Buoyed with this success, King created the Southern Christian Leadership Conference (SCLC). He became a national black leader, organising marches for the right to vote, desegregation and labour rights. The FBI, under the paranoid leadership of J Edgar Hoover, began to take an interest in King. Hoover had strong personal animosity against King and his agents routinely broke into SCLC premises. The FBI started wiretapping him in 1961 fearing that communists were trying to infiltrate the Civil Rights Movement. They found no proof of this but used incidental material found in the taps to eventually discredit King. This was deliberate. In 1964, Hoover asked his agents to gather “information concerning King's personal proclivities ... in order that we may consider using this information at an opportune time in a counterintelligence move to discredit him.”

1963 was a watershed year for Martin Luther King Jnr. He was arrested after a protest in Birmingham, Alabama. There he wrote his "Letter From Birmingham City Jail," which advocated civil disobedience against unjust laws. In order to pressure congress to pass a Civil Rights Act, black leaders arranged a march on Washington. An estimated quarter of a million people marched from the Washington Monument to the Lincoln Memorial, where they heard speeches including King’s most famous words which with his dream they would all be “"Free at last, free at last. Thank God Almighty, we are free at last."

For his gains in the South, King won the Nobel Peace Prize in 1964. In the years that followed, King and others tried to spread the movement north. King moved into a Chicago slum tenement to attract attention to the living conditions of the poor in the big cities of the North. But King alienated the mainstream media after making comments critical of US involvement in the Vietnam War. Time magazine criticised his “Beyond Vietnam” speech as “demagogic slander that sounded like a script for Radio Hanoi".

On 3 April 1968 King went to Memphis to make a speech in support of striking black sanitary public works employees.
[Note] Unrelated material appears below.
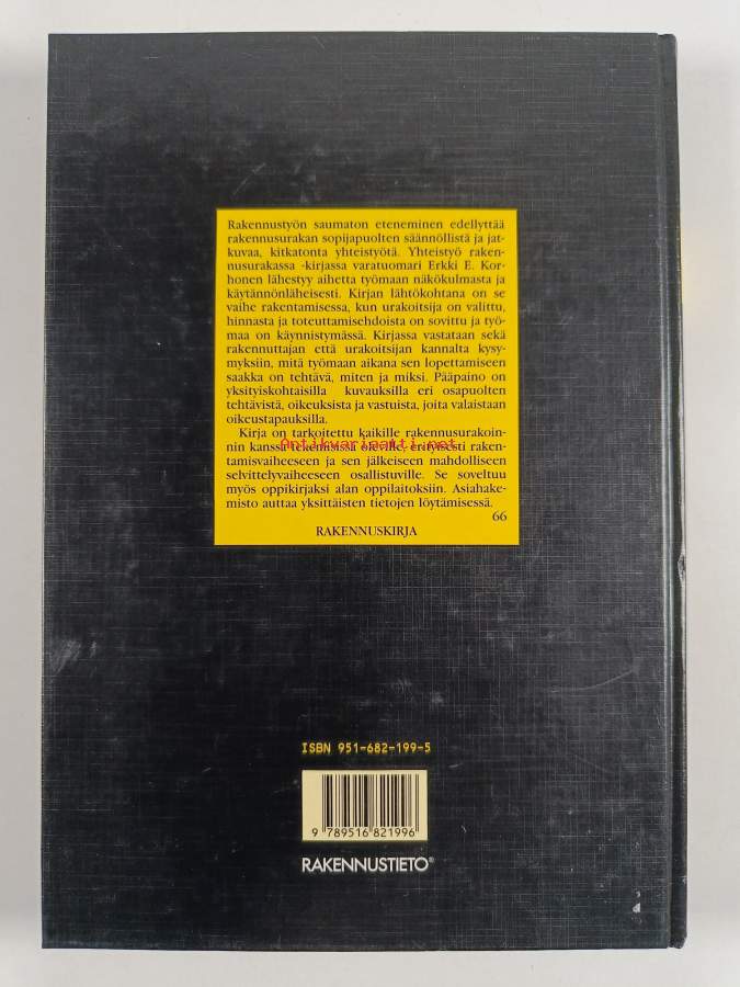 Sarja: Käytännön käsikirjaAsiasanat: rakentaminen, lainsäädäntö, talonrakennus, valvonta, urakat, urakointi

There he said “Longevity has its place, but I'm not concerned about that now. I just want to do God's will. And He's allowed me to go up to the mountain! And I've looked over, and I've seen the Promised Land. I may not get there with you. But I want you to know tonight, that we, as a people, will get to the Promised Land”. His impassioned oration was prophetic. King was shot dead one day later on the balcony of the Lorraine motel.
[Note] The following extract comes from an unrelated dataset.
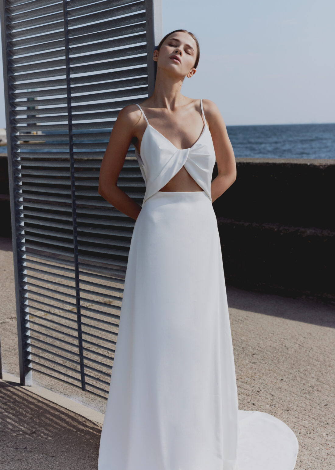 Das Brautkleid Nature von Amy Love Bridal verkörpert Minimalismus und Eleganz in Perfektion. Mit zarten Spaghettiträgern und einem raffiniert gedrehten Stoff im Oberteil entsteht ein moderner Look, der durch den Schlüssellochausschnitt am Bauch subtil aufgelockert wird.

Because escaped convict James Earl Ray confessed to the crime and pleaded guilty to avoid the death sentence, there was no trial. Ray was sentence to a 99-year prison sentence. He admitted owning a rifle similar to the one used in the shooting and he also rented the room at the flophouse where the shot was fired. Later he recanted his confession and told a 1977 House Select Committee on Assassinations that he did not shoot King. A former Missouri deputy sheriff Jim Green claimed to be part of an FBI conspiracy to kill King and Ray was just a ‘patsy’ for the crime. Ray had all requests for a trial rejected and he died in 1998 still proclaiming his innocence.

King’s legacy is immense. His gifted oratory has inspired millions around the world to action. He was instrumental in destroying the Jim Crow laws with the passing of two key pieces of legislation, the Voting Rights Act and the Civil Rights Act, both passed in 1965. He was a major influence on the civil rights movement in apartheid-era South Africa. His boyhood home in Atlanta and nearby buildings are now deemed a national historic site. He was turning into such a dangerous radical, it is likely the FBI had him killed. But more than anything else, King was a consummate man of action and an inveterate optimist. When faced with a moment of doubt a few days before he died, he talked himself out of it “We must turn a minus into a plus," King said, "a stumbling block into a steppingstone--we must go on anyhow." Martin Luther King Jnr Day is a fine tribute to his honour.